[Start of Attachment]

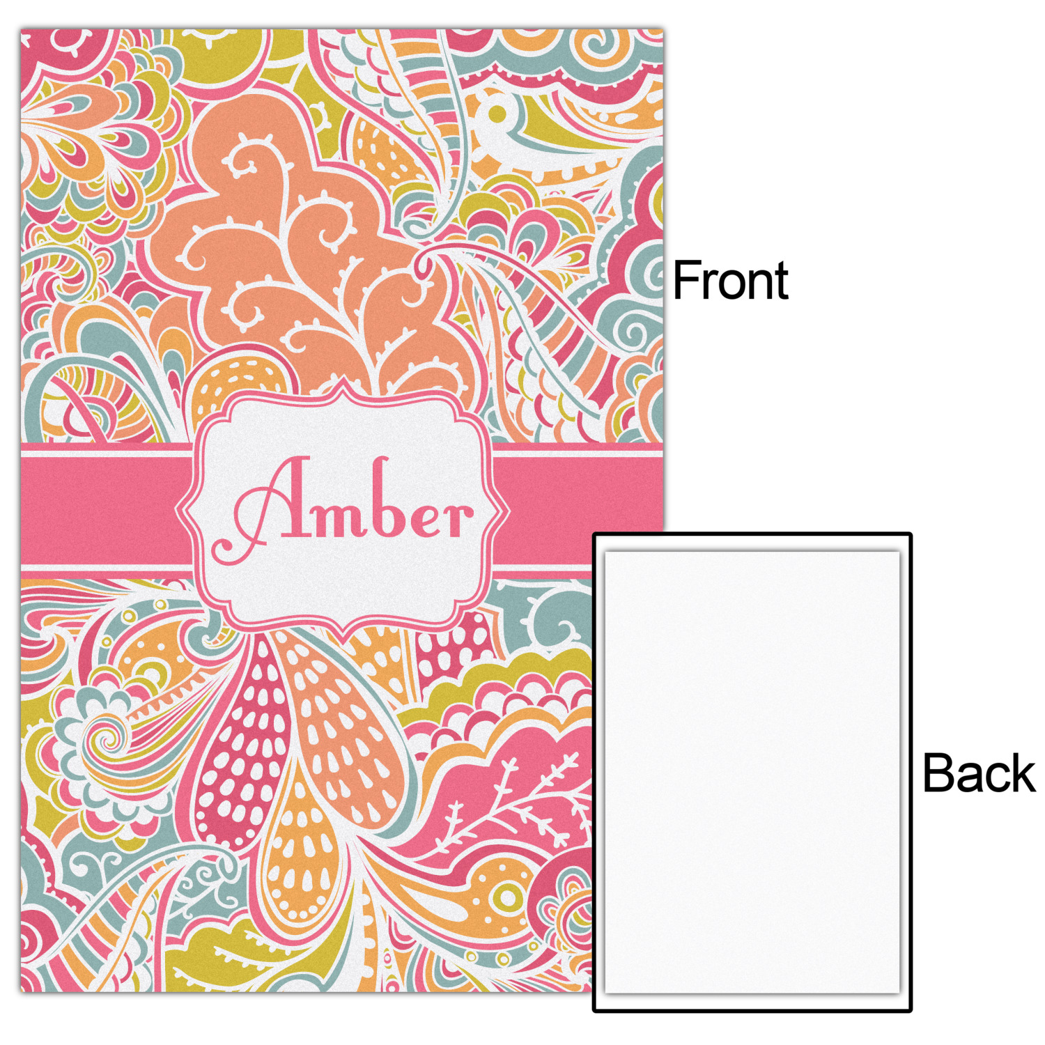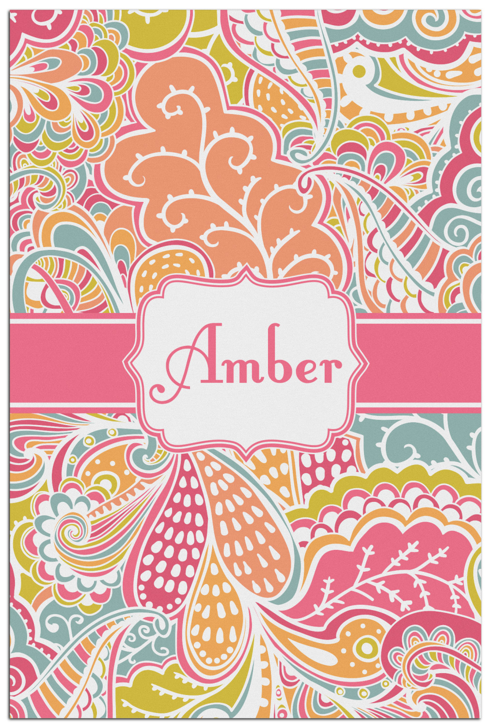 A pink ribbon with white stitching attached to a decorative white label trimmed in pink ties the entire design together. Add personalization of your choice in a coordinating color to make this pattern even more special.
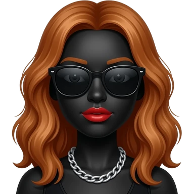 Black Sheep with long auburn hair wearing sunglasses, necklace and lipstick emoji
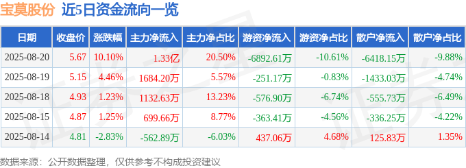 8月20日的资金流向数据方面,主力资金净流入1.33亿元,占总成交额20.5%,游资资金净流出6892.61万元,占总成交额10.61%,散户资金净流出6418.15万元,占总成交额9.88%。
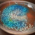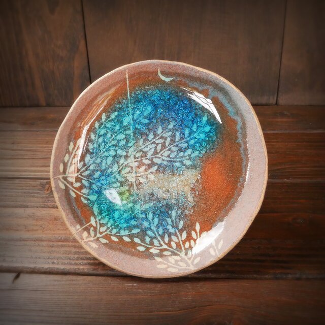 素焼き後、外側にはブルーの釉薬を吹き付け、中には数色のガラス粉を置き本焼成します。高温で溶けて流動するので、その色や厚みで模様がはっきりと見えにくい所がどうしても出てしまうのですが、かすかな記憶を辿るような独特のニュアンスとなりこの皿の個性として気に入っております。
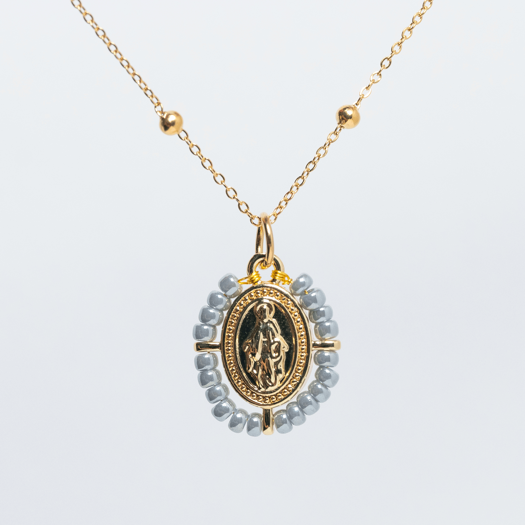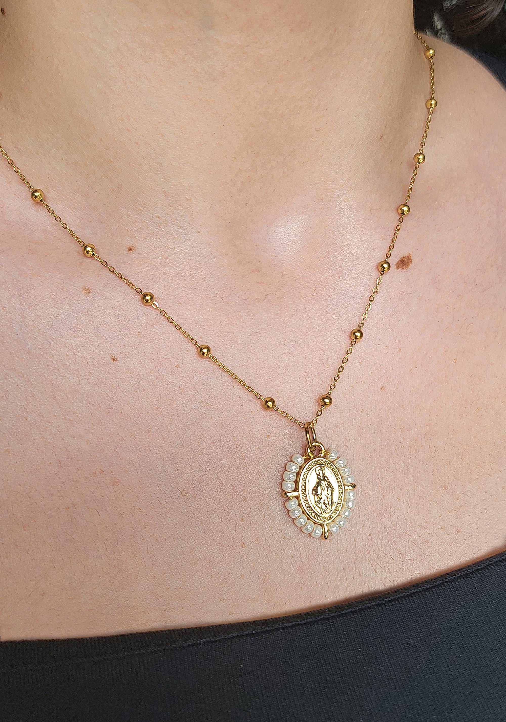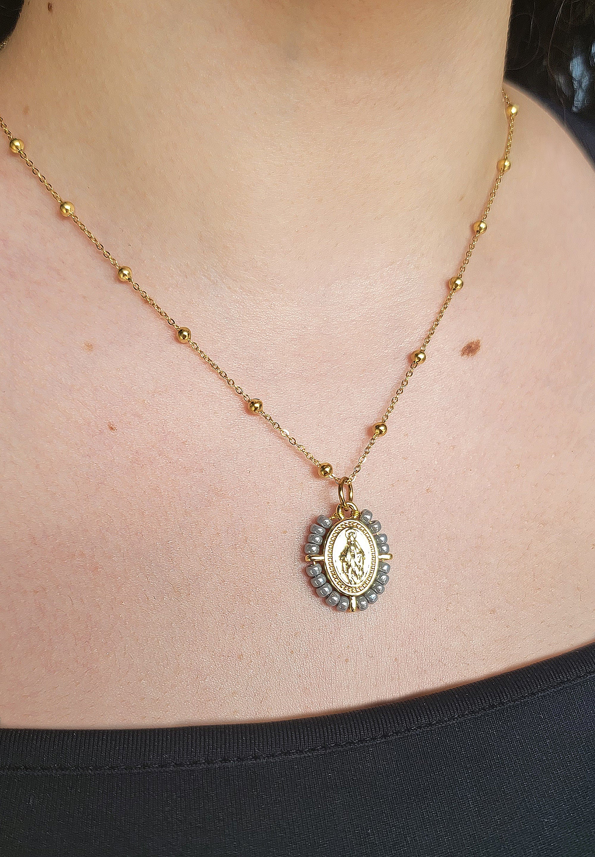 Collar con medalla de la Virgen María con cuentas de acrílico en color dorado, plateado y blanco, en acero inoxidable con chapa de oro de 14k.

[End of Attachment]

**EXERCISE:** Your answer must be the full listing, word for word, minus any images.

**RESULT FOR THIS TASK:**
 A pink ribbon with white stitching attached to a decorative white label trimmed in pink ties the entire design together. Add personalization of your choice in a coordinating color to make this pattern even more special.
 Black Sheep with long auburn hair wearing sunglasses, necklace and lipstick emoji
 8月20日的资金流向数据方面,主力资金净流入1.33亿元,占总成交额20.5%,游资资金净流出6892.61万元,占总成交额10.61%,散户资金净流出6418.15万元,占总成交额9.88%。
 素焼き後、外側にはブルーの釉薬を吹き付け、中には数色のガラス粉を置き本焼成します。高温で溶けて流動するので、その色や厚みで模様がはっきりと見えにくい所がどうしても出てしまうのですが、かすかな記憶を辿るような独特のニュアンスとなりこの皿の個性として気に入っております。
 Collar con medalla de la Virgen María con cuentas de acrílico en color dorado, plateado y blanco, en acero inoxidable con chapa de oro de 14k.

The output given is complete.